Un murmullo de luz se agita tal vez en el aire. Un aleteo de tiempo hurga en una metáfora la vida. El eterno retorno se abisma en ensoñaciones luleñas, taficeñas. Un eco de piano se trepa a una rama y saluda a los pájaros. “Un viento de lapachos, naufragio de flores, atraviesa hendiduras de la lluvia, muerde una hojarasca aquejadumbrada. Los pájaros trinan en el silencio sin que los días enciendan ni un verso. En el verde del musgo resbalan mis pasos”, escribe la poeta. “Nací en San Miguel de Tucumán, pero viví mi niñez y adolescencia en mi querido Lules, un pueblo lleno de historia, cultura y paisajes. Mi padre, reconocido productor cañero, lector de Dostoievski, Tolstoi, Nietzsche, Hesse, fue un político de alma, militante radical. Mi casa fue escenario de una reunión presidida por el doctor Ricardo Balbín; fue el primer comisionado municipal cuando Lules recibe el bautismo de ciudad. A los cinco años, me enseñó que las rocas de la tierra tienen vida. De mi madre, emerge el camino para admirar la belleza de la naturaleza y de la música (Puccini, Vivaldi, Beniamino Gigli…), y el gozo por la lectura de la colección literaria infantil de Constancio Vigil y Julio Verne”, cuenta Leticia Mure, escritora y docente.

- ¿Qué te atrajo del piano? ¿Estudiaste formalmente el instrumento? ¿Lo seguís tocando?

- A los seis años inicié mis estudios de piano en el Conservatorio Fracassi que pasa a llamarse Ateneo Musical, aquí en la capital, a cargo de excelentes profesoras de la familia Pregot. Ahora toco el piano solo en reuniones familiares.

- ¿Qué escribías en la adolescencia?

- La escritura se despertó en la adolescencia con el diario en el que escribía relatos de mi vida, poemas de amor y del universo. Mi primer poema fue muy triste, cuando una tarde vi pasar los toros que llevaban al matadero y sufrí mucho.

- ¿Qué te llevó a estudiar biología? ¿Qué cosas buenas y desilusiones te mostró la docencia?

- Rodeada de la belleza natural aprendí a amarla, a sentir la aspereza o suavidad de las hojas, la hermosura de las mariposas azules y los picaflores. Creo que esta vivencia de la infancia me llevó a estudiar Ciencias Naturales. Allí en ese mundo de investigación y silencio me sentía feliz. Mis profesores fueron investigadores de gran sabiduría y humildad; nunca olvido a los doctores Federico Vervoorst, Marta Grassi, Luna Reyeros, Peter Seeligman. Hubiera cumplido mis anhelos dedicada a la investigación, pero ejercer la docencia fue una maravillosa experiencia: pude ayudar, transmitir conocimientos con la experiencia, el razonamiento y el amor. La cátedra de Anatomía y Fisiología Humana despertó la vocación de estudiar medicina en muchísimos alumnos que hoy son excelentes profesionales, y es un regalo del cielo reencontrarme con ellos.
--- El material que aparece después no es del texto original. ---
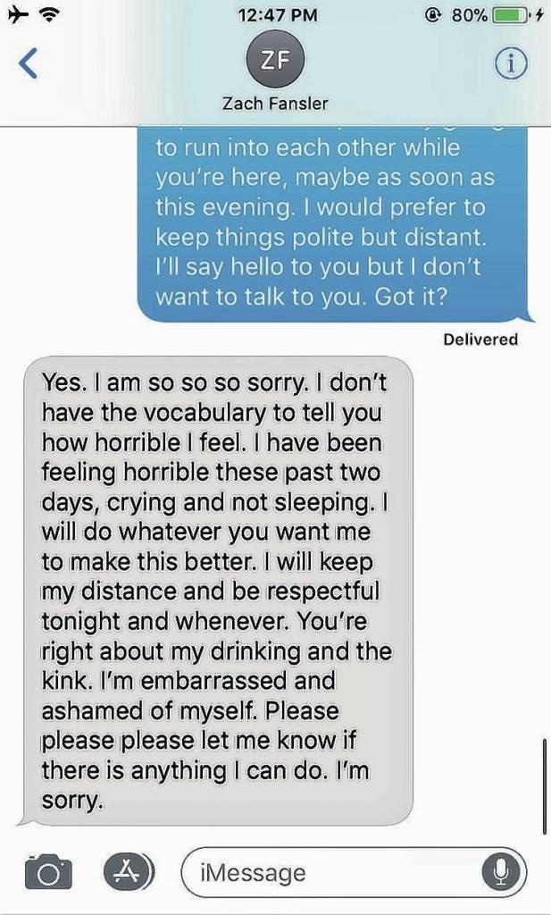 In text messages to her later that day, Fansler asked if he could take her to a dinner and a movie to make it up to her. She declined.
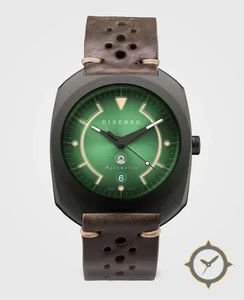 Eine Racing-Uhr mit einem markanten 47mm Auftritt am Handgelenk, gefertigt aus Edelstahl mit einem Zifferblatt in grün und einer besonderen "sunburst"-Oberfläche.
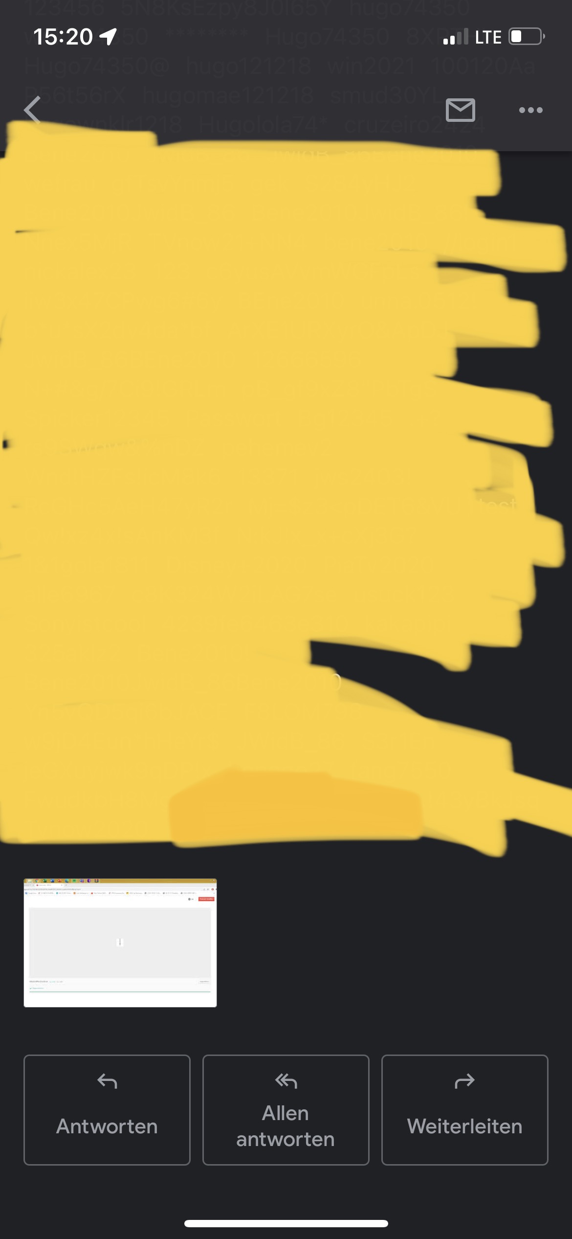 Anbei die Screenshots. Das gelb zensierte sind unterandrem die Passwörter.

La docencia me dejó vivencias inolvidables. El sistema educativo no es bueno. La función del sentimiento en la nueva educación es primordial. El conocimiento sin transformación no sirve.

- ¿Escribías como una prolongación de tu interioridad o pensando en publicar?

- Siempre escribí como una prolongación de mi interioridad, jamás pensando en publicar. Era un mar interno que había que sacarlo. Según Carl Jung, el inconsciente colectivo es un depósito de imágenes latentes que heredamos y se proyecta como imágenes virtuales en el presente.

- Comenzaste a publicar siendo mayor, ¿por qué?

- Porque a esa edad tuve la oportunidad de investigar para elaborar ensayos sobre la problemática social y ambiental del Valle Calchaquí y la Etnozoología del Valle y su implicancia literaria.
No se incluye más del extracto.